Task statement: Lines outside the range are not wanted. Give again exactly the lines between the line holding "CARSLAN Hydrating Lip" and the line holding "Zwischendurch wurden die", inclusive, from the listing below.

Data extracts:

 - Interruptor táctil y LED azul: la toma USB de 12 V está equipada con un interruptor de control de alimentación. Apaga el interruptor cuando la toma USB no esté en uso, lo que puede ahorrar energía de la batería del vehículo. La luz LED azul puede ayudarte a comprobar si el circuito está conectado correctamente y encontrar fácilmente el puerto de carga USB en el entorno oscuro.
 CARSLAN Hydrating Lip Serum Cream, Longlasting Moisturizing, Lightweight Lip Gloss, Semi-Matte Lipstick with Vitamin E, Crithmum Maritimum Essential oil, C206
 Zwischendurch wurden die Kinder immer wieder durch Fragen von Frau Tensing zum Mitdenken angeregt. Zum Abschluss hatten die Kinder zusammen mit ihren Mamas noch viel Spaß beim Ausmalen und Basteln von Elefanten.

...

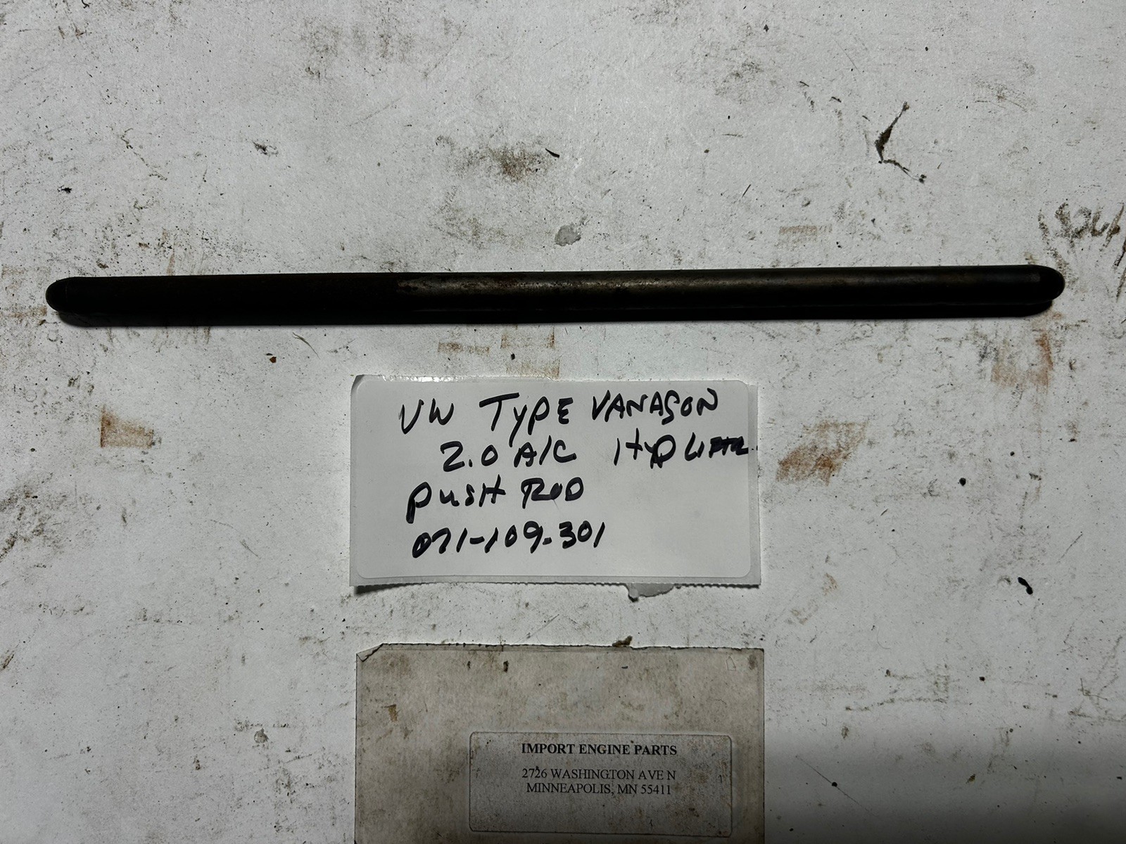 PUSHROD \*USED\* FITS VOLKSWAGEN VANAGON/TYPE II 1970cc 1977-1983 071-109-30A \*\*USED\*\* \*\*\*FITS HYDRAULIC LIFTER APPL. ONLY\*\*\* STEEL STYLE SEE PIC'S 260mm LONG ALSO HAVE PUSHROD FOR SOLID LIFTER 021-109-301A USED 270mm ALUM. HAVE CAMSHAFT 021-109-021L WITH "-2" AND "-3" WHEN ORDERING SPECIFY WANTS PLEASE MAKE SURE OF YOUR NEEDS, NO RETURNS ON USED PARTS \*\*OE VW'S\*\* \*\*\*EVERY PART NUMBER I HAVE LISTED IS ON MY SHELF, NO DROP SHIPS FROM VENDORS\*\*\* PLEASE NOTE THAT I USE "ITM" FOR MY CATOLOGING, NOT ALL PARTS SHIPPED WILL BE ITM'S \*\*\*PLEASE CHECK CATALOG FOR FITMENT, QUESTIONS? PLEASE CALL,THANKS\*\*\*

Written solution:
 CARSLAN Hydrating Lip Serum Cream, Longlasting Moisturizing, Lightweight Lip Gloss, Semi-Matte Lipstick with Vitamin E, Crithmum Maritimum Essential oil, C206
 Zwischendurch wurden die Kinder immer wieder durch Fragen von Frau Tensing zum Mitdenken angeregt. Zum Abschluss hatten die Kinder zusammen mit ihren Mamas noch viel Spaß beim Ausmalen und Basteln von Elefanten.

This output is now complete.